#### Activity
Take the line that contains "В клубният футбол" and each one after it through the last line below, and retype them exactly. Leave out the pictures.

── Available data ──

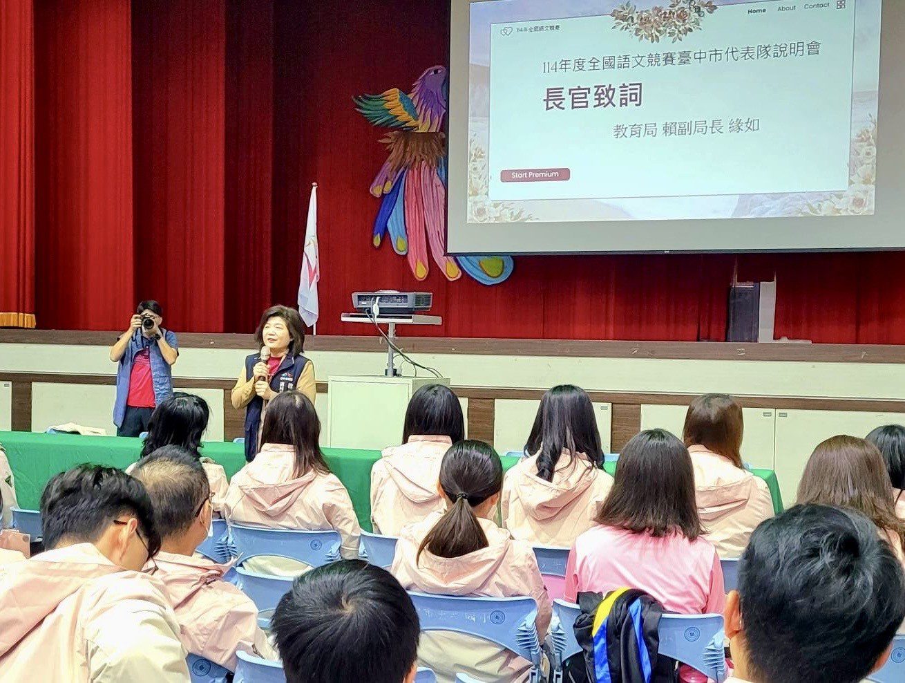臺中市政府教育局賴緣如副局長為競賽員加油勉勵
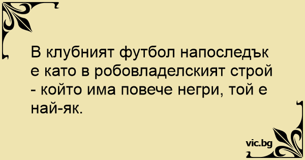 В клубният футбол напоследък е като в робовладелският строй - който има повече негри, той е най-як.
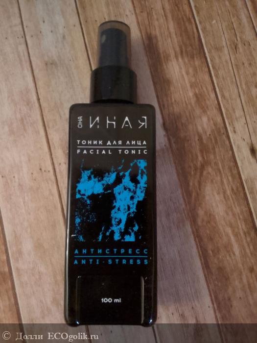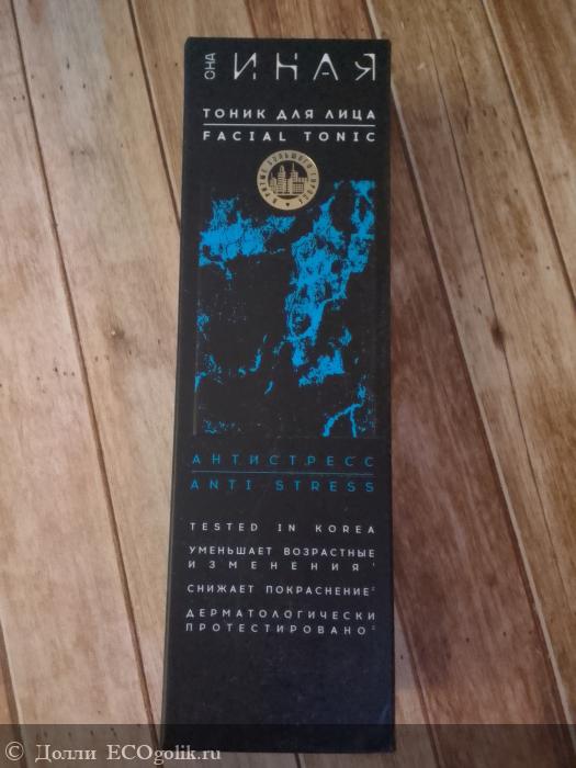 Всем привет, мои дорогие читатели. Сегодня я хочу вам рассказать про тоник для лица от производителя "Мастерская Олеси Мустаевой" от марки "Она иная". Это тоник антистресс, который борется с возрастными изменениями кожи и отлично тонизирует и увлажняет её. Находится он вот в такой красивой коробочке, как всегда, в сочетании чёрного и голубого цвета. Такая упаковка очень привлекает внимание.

───

#### Output for this exercise
 В клубният футбол напоследък е като в робовладелският строй - който има повече негри, той е най-як.
 Всем привет, мои дорогие читатели. Сегодня я хочу вам рассказать про тоник для лица от производителя "Мастерская Олеси Мустаевой" от марки "Она иная". Это тоник антистресс, который борется с возрастными изменениями кожи и отлично тонизирует и увлажняет её. Находится он вот в такой красивой коробочке, как всегда, в сочетании чёрного и голубого цвета. Такая упаковка очень привлекает внимание.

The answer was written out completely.